Quote:
Originally Posted by 409412
I think my comment was somewhat poorly phased so let get at what I am really trying to figure out. In the elo system for chess, if you play a computer that is 2800 (super gm strength) and you win 10% you are playing about 2400 level. Because that is the expectation for a 400 pt difference. That would make you better than 99% of the people who play. I just wonder if the same relationship holds for backgammon. So I just wonder how people at various levels do.
I also have some questions about the way these programs evaluate play. If you play a 30 roll game and make 2 dubious, or 1 bad, or perhaps even 1 very bad gnu will grade you as rather a bad player. But you might be making grandmaster plays about 95% of the time. If I could correctly solve 90% of the problems Bill Robertie posts I would feel that I was a pretty good player.

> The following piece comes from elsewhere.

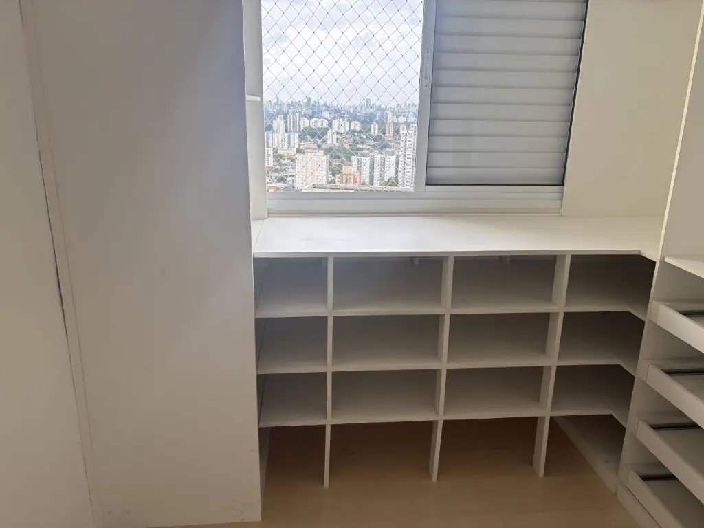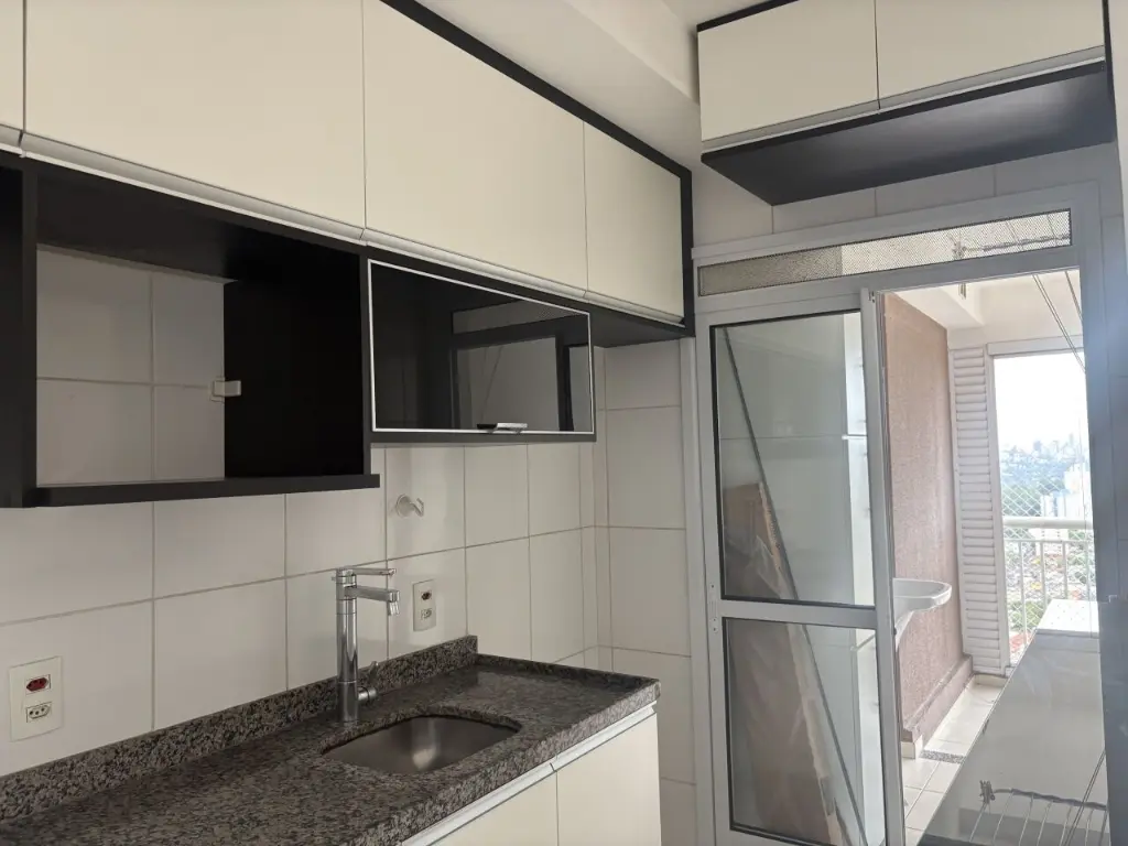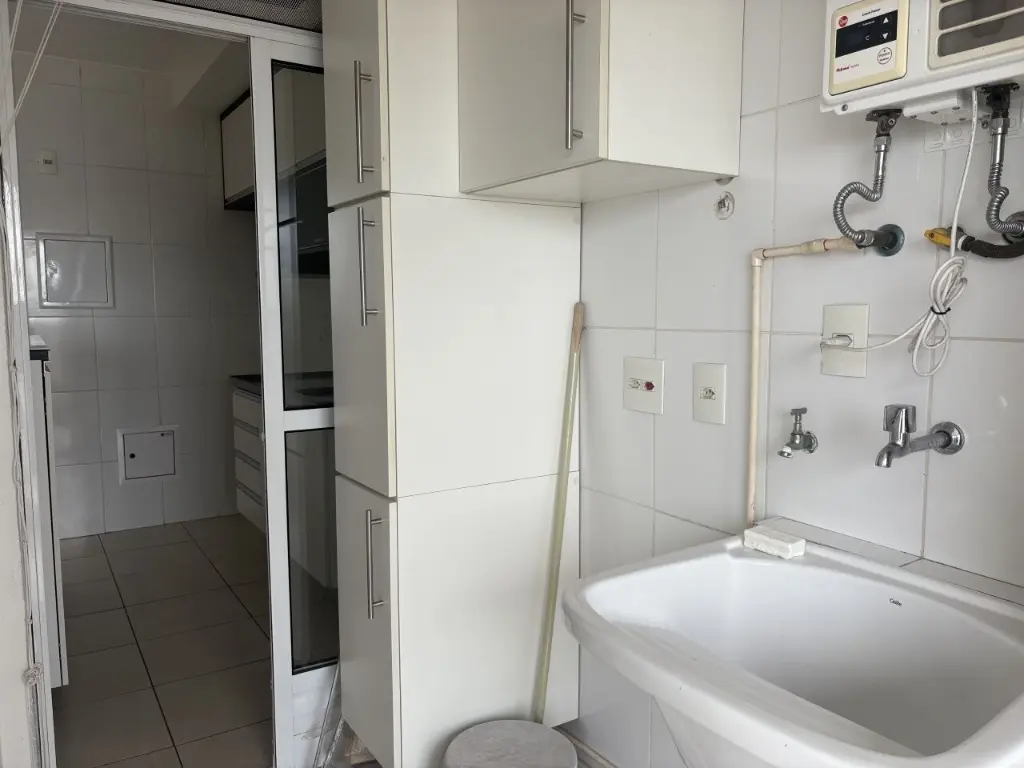 São 60 m² com sala para 2 ambientes, sacada ampla com fechamento em vidro, 2 dormitórios sendo uma suíte com armários planejados, cozinha com armários planejados, área de serviço e 1 vaga coberta.
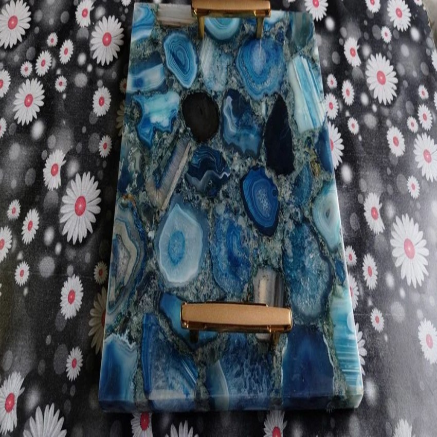Rectangular agate stone decorative serving trays, 12 inches long. Set of 3 plain, in-stock pieces made in India. Perfect for restaurant use.

So the relation of error rate to player evaluation is something else I find confusing.
For the record by the way, I am not anywhere near 50% more like 5 or 10 (I have not actually kept count) I just know it beats the snot out of me. But I feel like an upper intermediate level player
I believe that there is a similar FIBS relationship in BG (Very good chance that I am wrong about this)
I used to have a spreadsheet deriving the formula so that I could test friends on GNU and then inform them of how frequently I would expect to beat them based on the FIBS spread
FWIW I really dont have any interest in how often programs defeat me, all that matters is the equity loss per move and how that changes over time.